_ENTRIES PROVIDED_
+++++

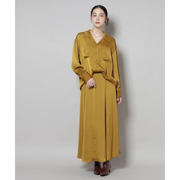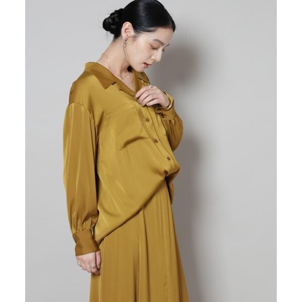 サテンオープンカラーシャツ(セットアップ可)
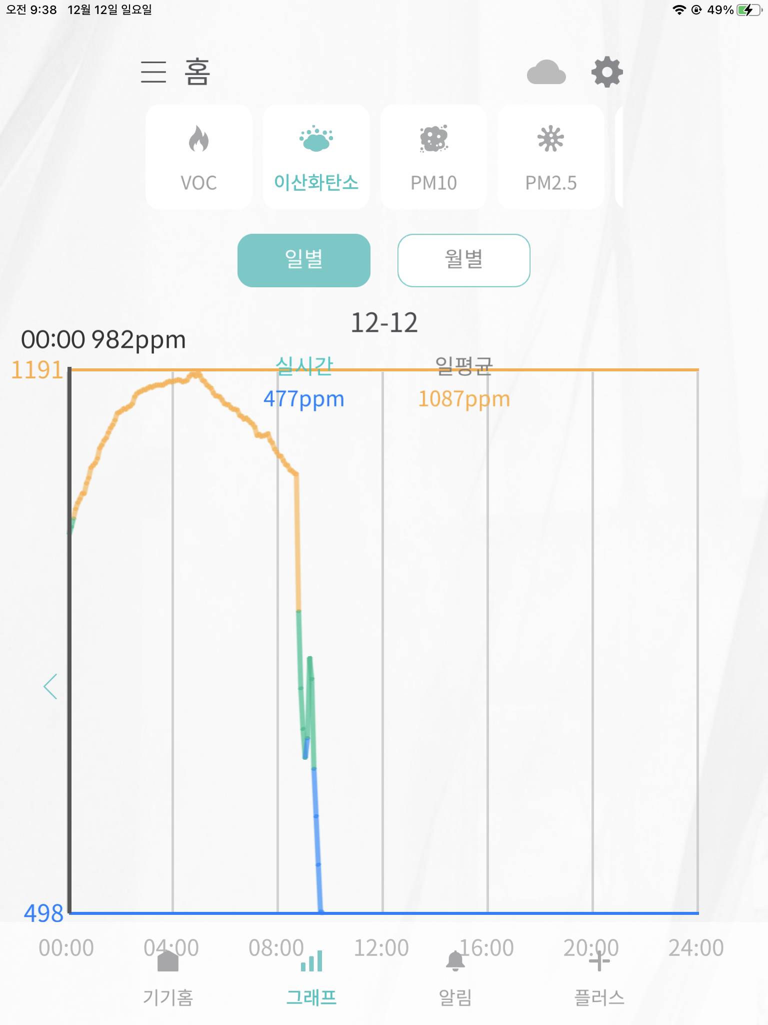 6시 400ppm 7시 563ppm 8시 639ppm 9시 683ppm 10시 761ppm 11시 882ppm 12시 976ppm
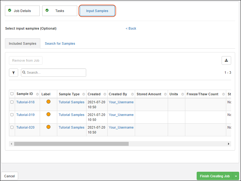 - Review the listed set of included samples; if necessary select one or more rows and click Remove from Job to remove them.
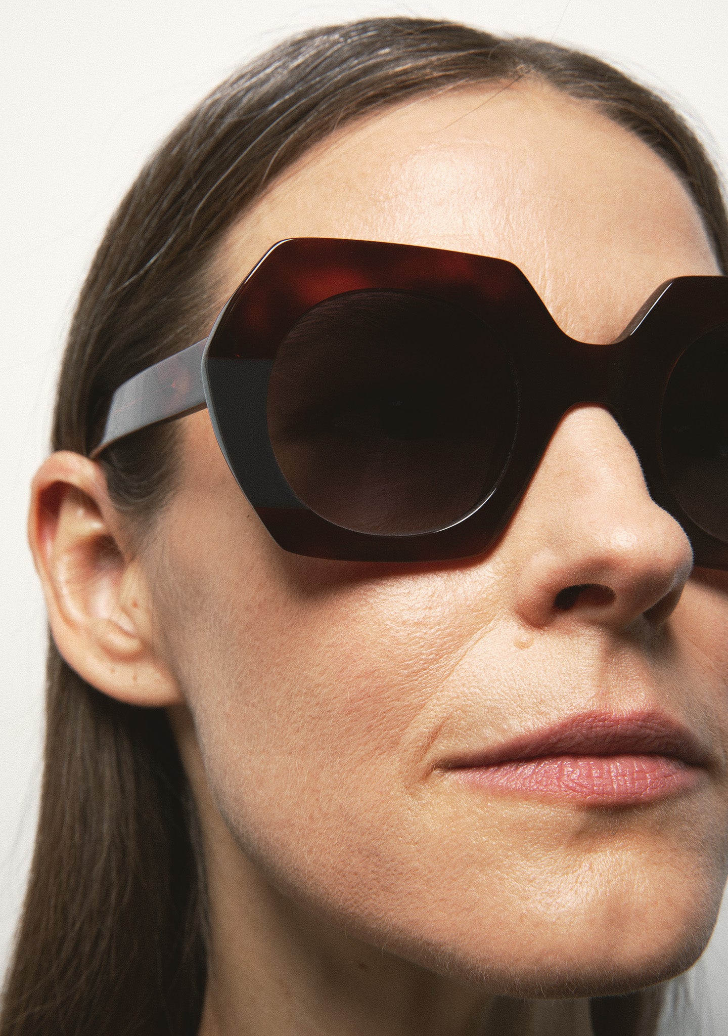 Hexagonal-shaped sunglasses. Black acetate front with translucent beige laminate. Black acetate temples. Black gradient 2-base lens with 100% UV protection and anti-reflective treatment. Category 3 lens. Built-in acetate nose pads. Handmade.
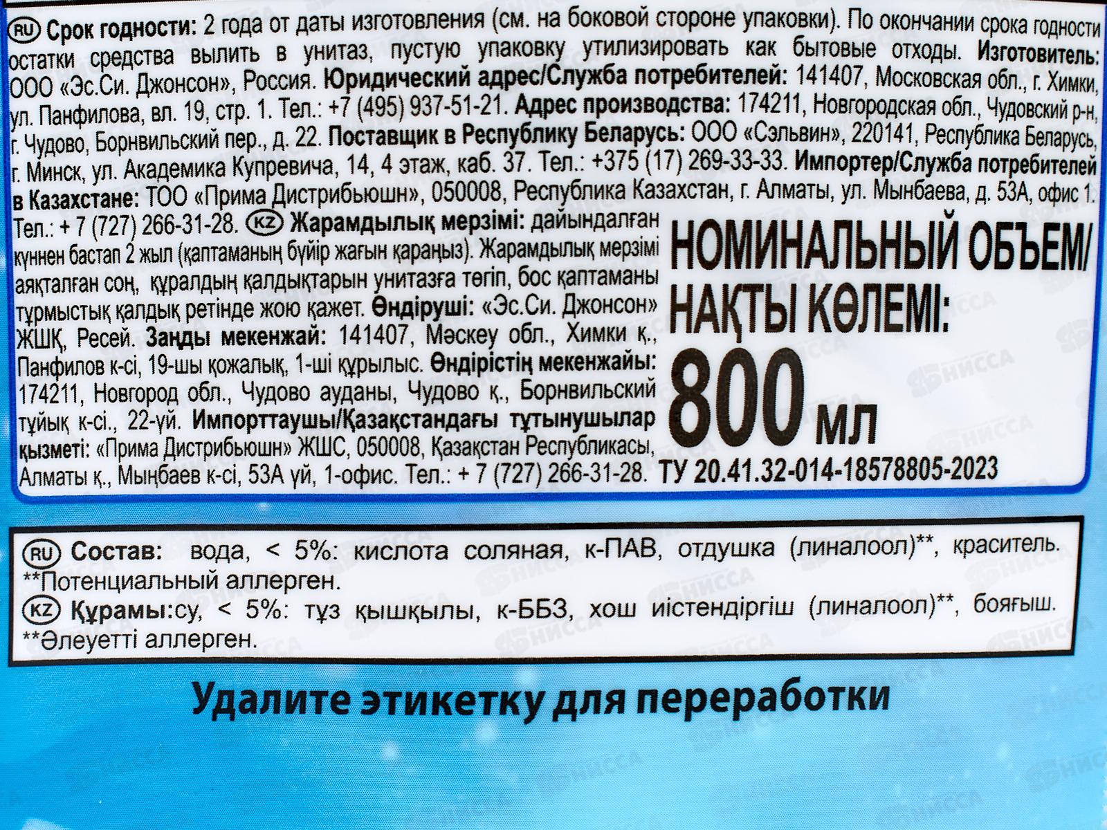 Состав: вода, <5%: кислота соляная, к-ПАВ, отдушка (линалоол), краситель
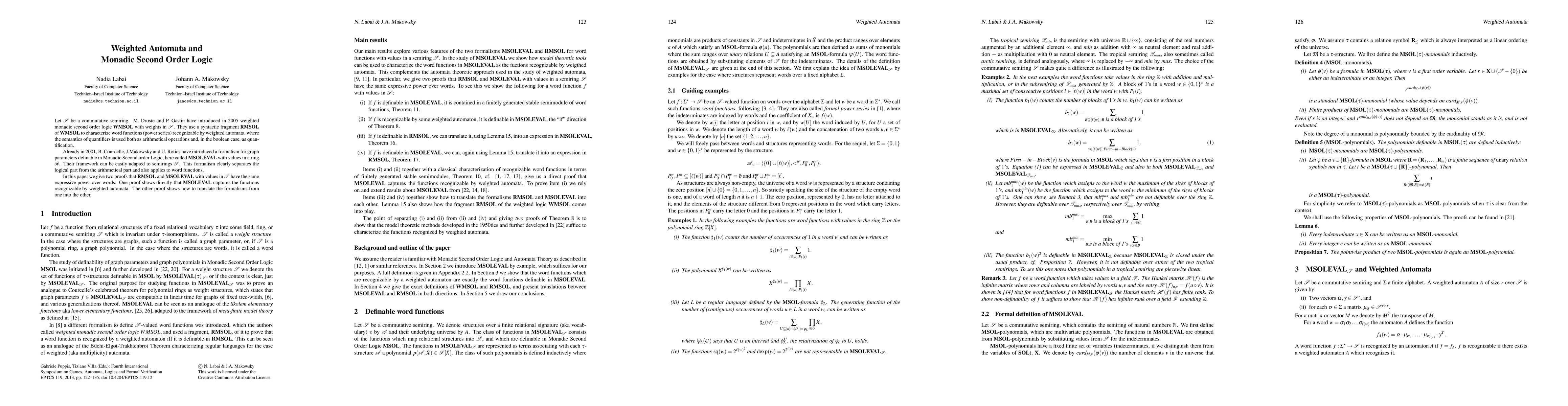 The paper provides two proofs that RMSOL and MSOLEVAL with values in a commutative semiring S have the same expressive power over words. One proof shows directly that MSOLEVAL captures the functions recognizable by weighted automata, while the other proof demonstrates how to translate the formalisms from one into the other.
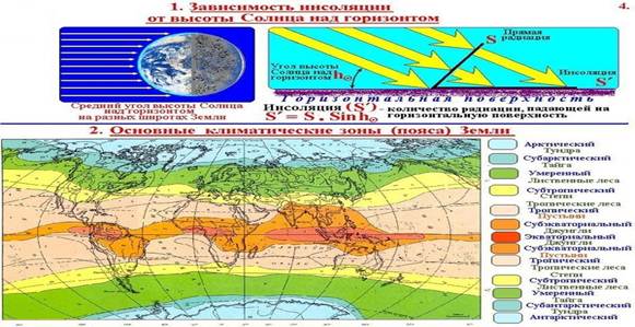 Максимальную. энергию получает поверхность, перпендикулярная солнечным лучам (экваториальные широты); чем больше наклон, тем меньше нагрев (полярные широты). Размещение природных зон находится в тесной взаимосвязи с климатическими поясами. Как и климатические пояса, они сменяют друг друга от экватора к полюсам в связи с уменьшением солнечного тепла, поступающего на поверхность Земли, и неравномерностью увлажнения. Такую смену природных зон называют широтной зональностью. Зональность проявляется во всех природных комплексах независимо от их размеров, а так же и во всех компонентах географической оболочки.
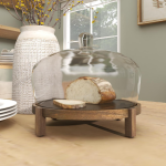 A dome shaped glass cloche with solid pattern and round finial top, and four wood legs under the base.
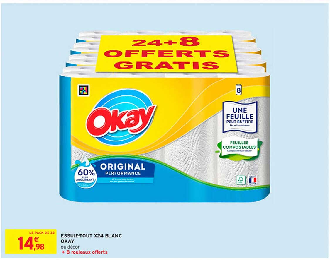 Offre de Essuie-Tout X24 Blanc Okay chez Intermarché Express
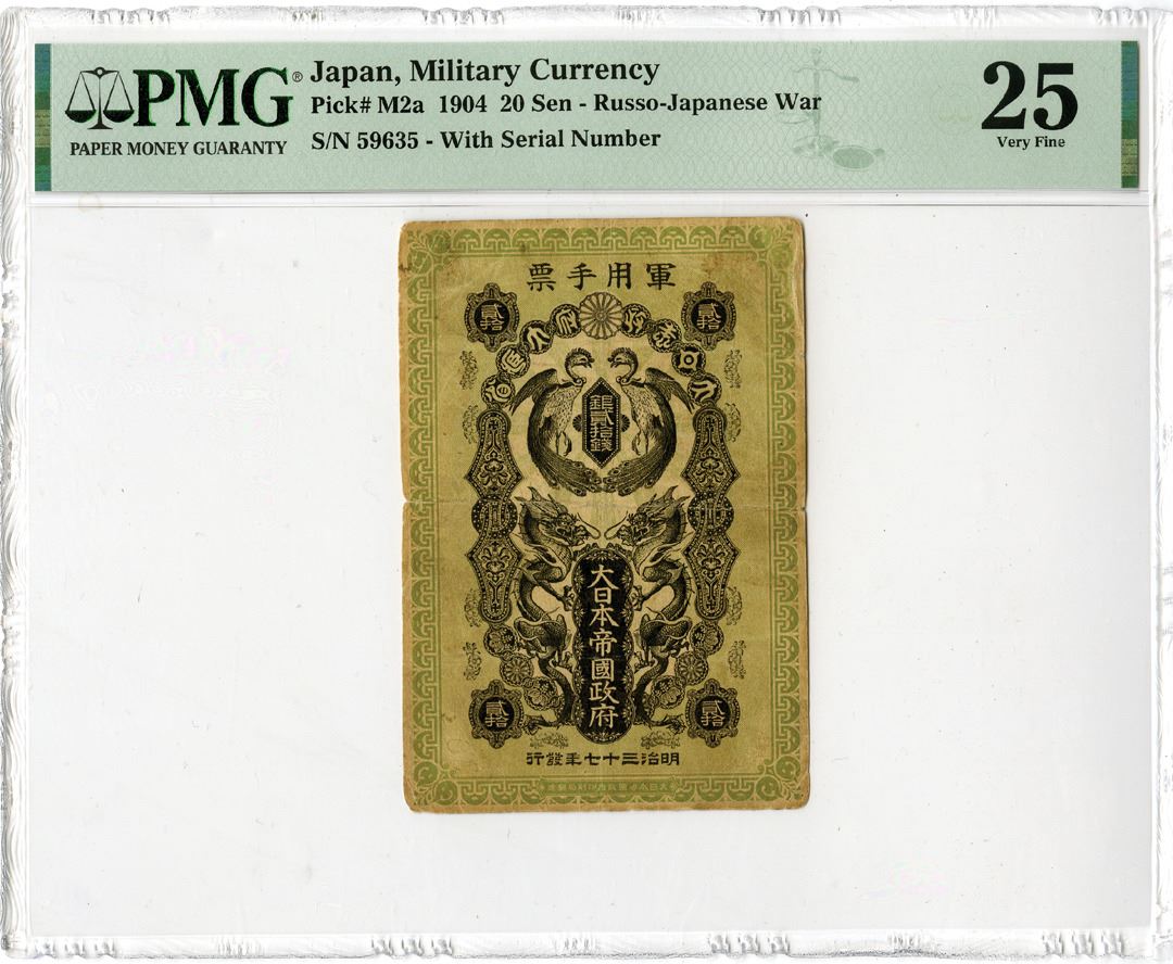 Japan, 1904. 20 Sen, P-M2a, Issued Banknote, Black on green underprint, S/N 59635, PMG graded Very Fine 25

+++++

_YOUR OBJECTIVE_
Restate exactly, please, only the lines between the start of the data and the line containing "- Review the", both ends included, skipping the pictures.

_RESPONSE_
 サテンオープンカラーシャツ(セットアップ可)
 6시 400ppm 7시 563ppm 8시 639ppm 9시 683ppm 10시 761ppm 11시 882ppm 12시 976ppm
 - Review the listed set of included samples; if necessary select one or more rows and click Remove from Job to remove them.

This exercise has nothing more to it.